Dr. Kishk was the 2017 AP-S President.

Herbert Zirath (M’86–SM’08–F’11) was born in Gothenburg, Sweden, in 1955. He received the M.Sc. and Ph.D. degrees in electrical engineering from the Chalmers University of Technology, Gothenburg, in 1980 and 1986, respectively.

From 1986 to 1996, he was a Researcher with the Radio and Space Science, Chalmers University of Technology, where he was engaged in developing GaAs-and InP-based HEMT technologies, including devices, models, and circuits. In 1998, he was a Research Fellow with the California Institute of

Technology, Pasadena, CA, USA, where he was engaged in the design of monolithic microwave integrated circuits frequency multipliers and Class- E power amplifiers.
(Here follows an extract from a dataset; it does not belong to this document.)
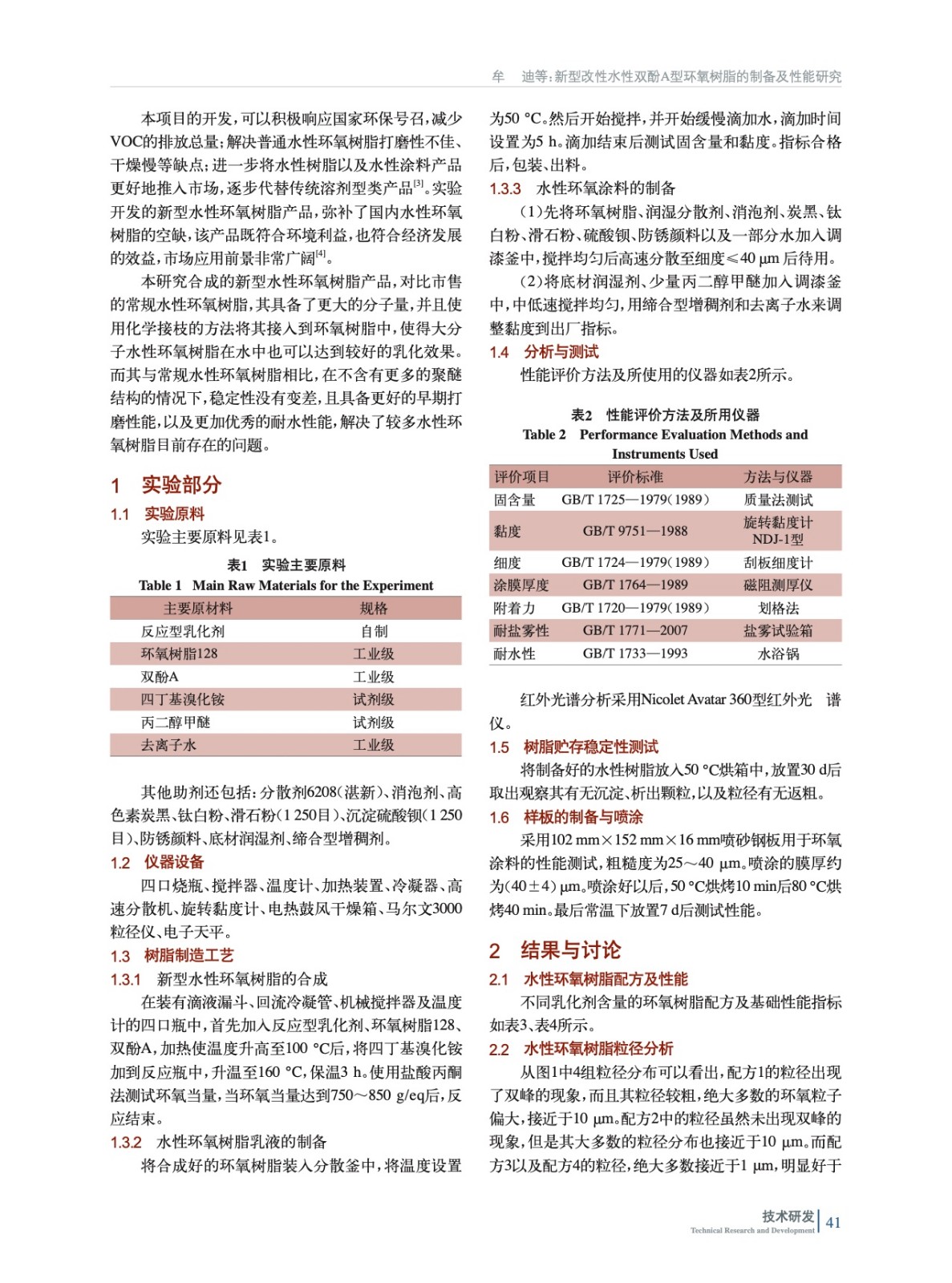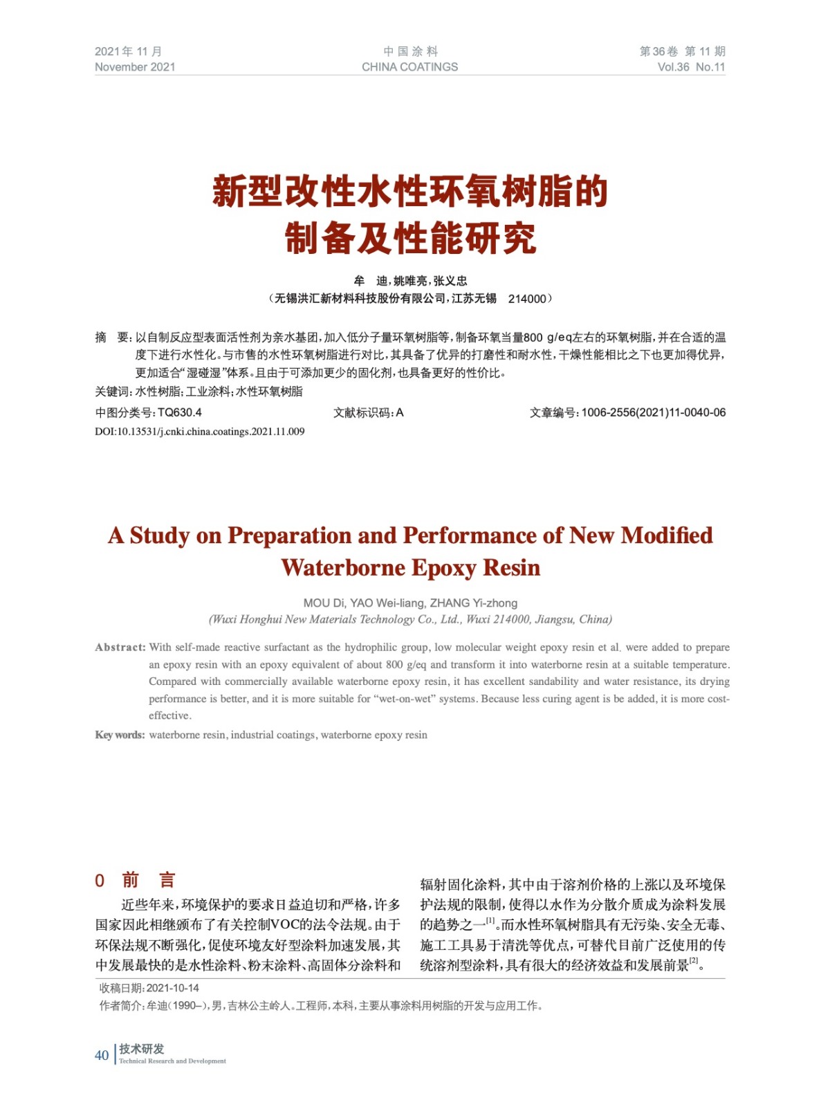 新型改性水性環(huán)氧樹(shù)脂的制備及性能研究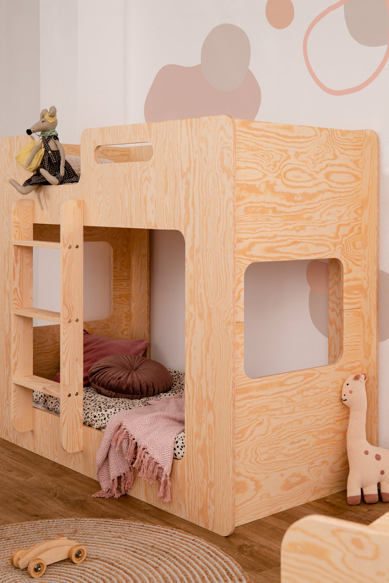 Łóżko piętrowe Leo będzie wyjątkową dominantą pokoju dziecięcego. Dzięki swojemu designowi i naturalnemu kolorowi pasuje zarówno do pokoju chłopców, jak i dziewcząt. Można je łączyć z różnokolorowymi dodatkami. Charakteryzuje się niecodziennym, nowoczesnym designem, który od razu przyciąga uwagę odwiedzających pokój. Łóżko piętrowe Leo będzie ulubionym miejscem odpoczynku i zabawy dla Twoich dzieci.

Since 1996, he has been a Professor of high speed electronics with the Department of Microtechnology and Nanoscience (MC2), Chalmers University of Technology. In 2001, he became the Head of the Microwave Electronics Laboratory, MC2. He is also a Research Fellow with Ericsson AB, Gothenburg, leading the development of a D-band (110–170 GHz) chipset for high-data-rate wireless communication. He is a co-founder of Gotmic AB, Gothenburg, a company developing highly integrated front-end monolithic microwave integrated circuits chipsets for 60-GHz and E-band wireless communication. He is currently leading a group of approximately 40 researchers in the area of high-frequency semiconductor devices and circuits. He has authored or coauthored more than 560 refereed journal/conference papers with an h-index of 41. He holds five patents. His current research interests include monolithic microwave integrated circuits designs for wireless communication and sensor applications based on III–V, III–N, graphene, and silicon devices.